Q&A
/var/log/maillog の内容も質問に追記してください。
前提・実現したいこと
CentOS7+Samba4で構築したファイルサーバーでの各種対策ソフト(chkrootkit、Tripwire、clamdscan)のroot宛結果メールを
自分の所有するISPメールアドレスに転送して、普段使用するメインPCでトラブル検知をしたい。
発生している問題・エラーメッセージ
Postfixで上記機能を達成する為に、
各実行sh内(chkrootkit、Tripwire、clamdscan)で直接送信先ISPアドレスを指定すると問題無く届きます。
但し、下記問題が発生したので、root宛メールを正しく送信先ISPアドレスに届ける方法をとるのが目標です。
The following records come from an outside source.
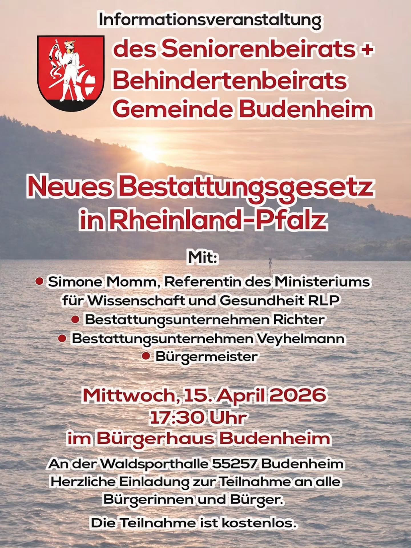 Gemeinsam mit dem Seniorenbeirat und dem Behindertenbeirat der Gemeinde Budenheim laden wir zu einer öffentlichen Informationsveranstaltung ein. Fachleute aus dem Ministerium sowie Vertreter regionaler Bestattungsunternehmen geben Einblicke, erklären die wichtigsten Neuerungen und stehen für Fragen zur Verfügung.
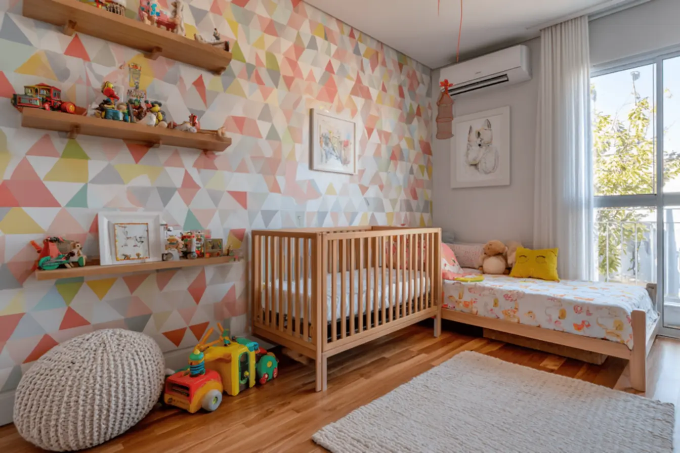 Imagine pequenos pontos, losangos delicados ou triângulos em um fundo claro. Eles adicionam interesse sem saturar. A repetição suave desses padrões faz com que o olho percorra a parede, gerando uma percepção de amplitude. Essa é uma das maneiras mais elegantes de criar um ambiente mais arejado.
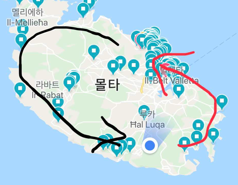 몰타의 크기가 궁금하실 것이다. 몰타섬은 주변의 섬을 제외하면 제주도의 1/7 정도의 크기이다. 강화도가 몰타섬보다 조금 더 큰 수준이라고 하면 짐작이 되시리라 생각한다. 그러니 3박 4일 동안 한 바퀴를 도는 것이 무리한 계획은 아니었다. 그리고 이 계획에 거창한 목적이나 원하는 바도 없었다. 그저 현재 내가 보고 느끼는 것을 온전히 수용할 수 있는 시간이길 바랐다.
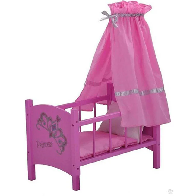 Vrhunski materijal i prelepa roza boja drvenog krevetca za lutke kao i svilenkasti rozi baldahin daju dodatnu čar igri.
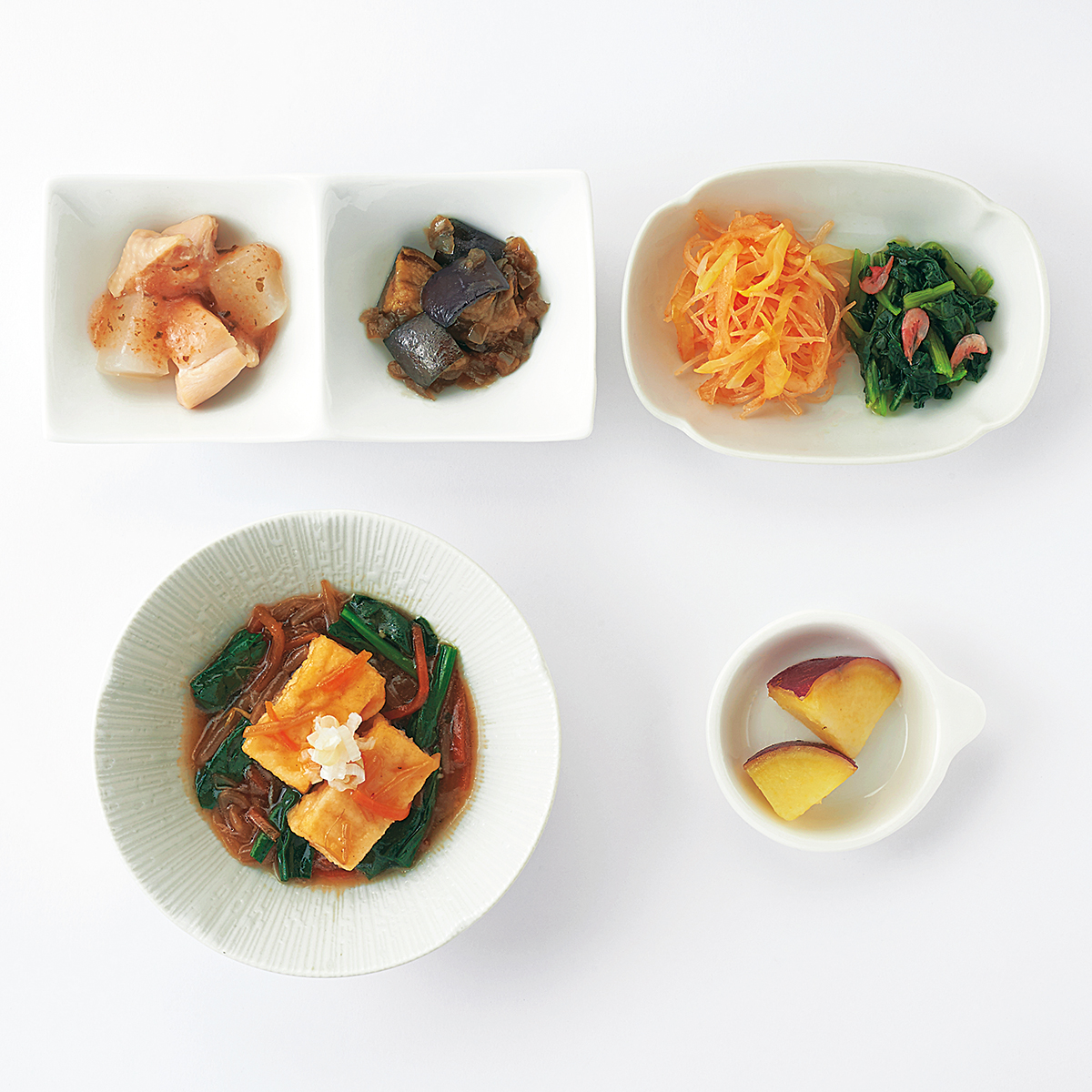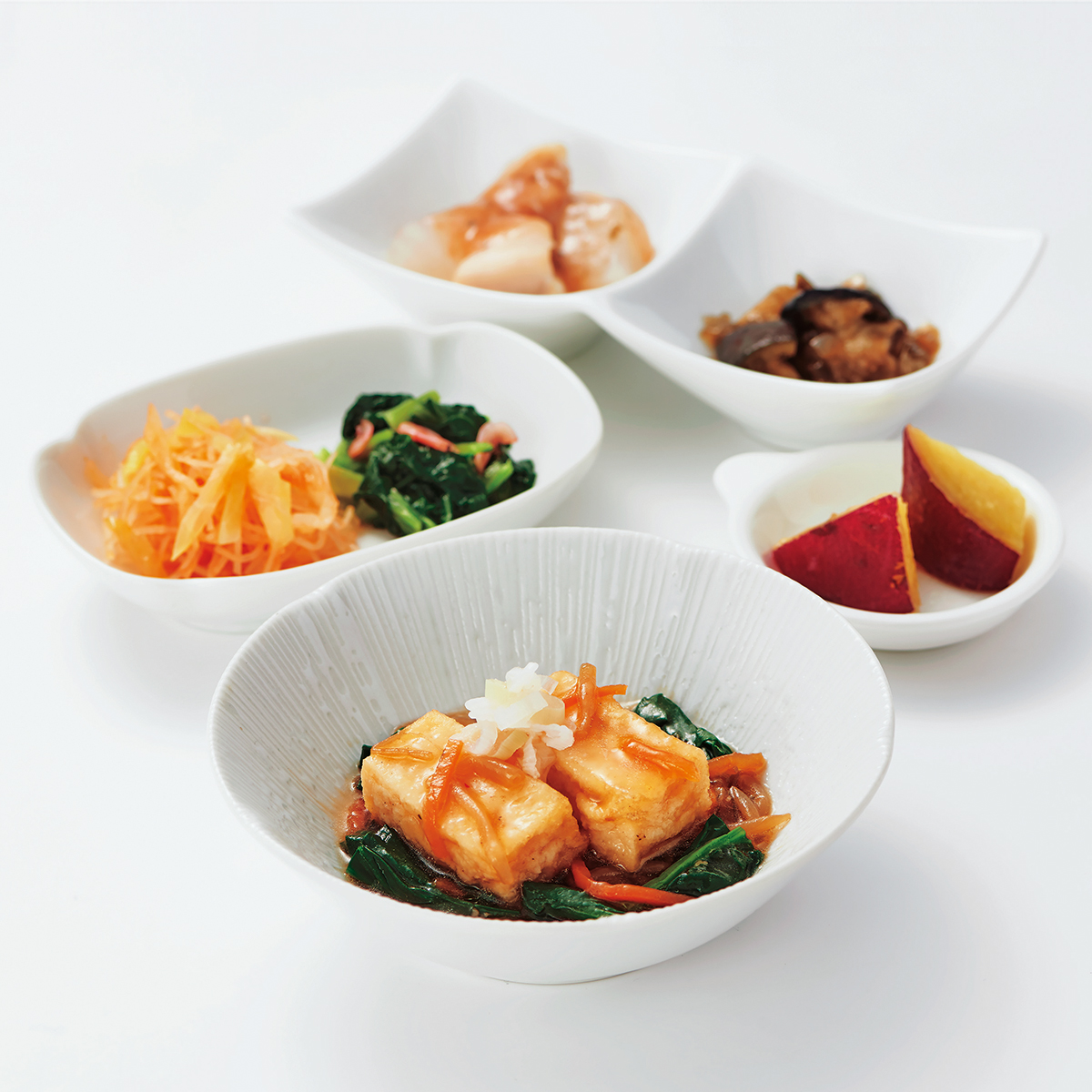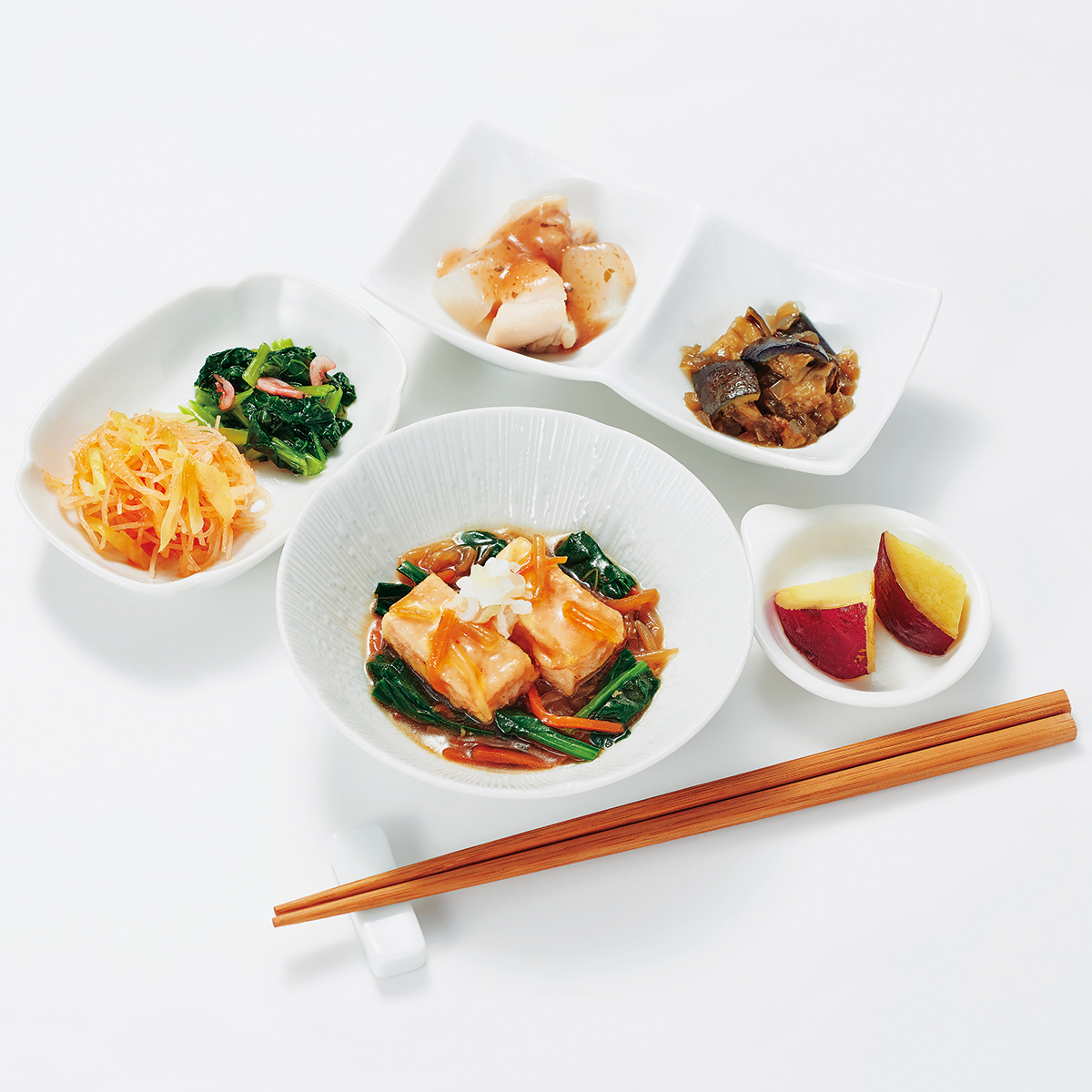 | 原材料名 | 揚げ出し豆腐(国内製造)、鶏肉、さつまいも、もやし、小松菜、揚げなす、ほうれん草、なたね油、大根、キャベツ、砂糖、減塩醤油、人参、玉ねぎ、本みりん、ねぎ、春雨、和風調味液、ケチャップ、しそ入り調味梅肉、ごま油、濃口醤油、トマト・ピューレー漬、にんにく、醸造酢、果実調味料、レモン果汁、顆粒和風だし、乾燥小えび、食塩、トウバンジャン/増粘剤(加工でん粉)、安定剤(加工でん粉)、豆腐用凝固剤、調味料(アミノ酸等)、pH調整剤、着色料(野菜色素、紅麹)、酸味料、マンニット、V.B1、甘味料(ステビア)、香料、(一部にえび・小麦・ごま・さば・大豆・鶏肉・魚醤(魚介類)を含む) | ||

1.Tripwire自体がshでのメール送信以外にrootにメールを転送するので、これが正しく送信出来ない
2.apcupsdのエラーメールもroot宛に届くので、これを正しく送信出来ない
3.ファイルサーバーの構築と検証開始から日が浅い為、他にもroot宛メールを送信するソフトがある可能性がある
rootメールの転送設定に問題がある為、
発送元として指定したzzzz@xx.yyyy.co.jpにメール送信エラーとして戻ってしまいます。
ローカル内に設置したファイルサーバーの為、ドメイン登録はしていません。
例え、ドメイン登録をしても外部発呼の接続をルータで許容していないので、DNSの問い合わせに返信出来ません。
※内部発呼の外部接続は認めているので、ウイルス対策ソフト等のデータベース更新は出来ております。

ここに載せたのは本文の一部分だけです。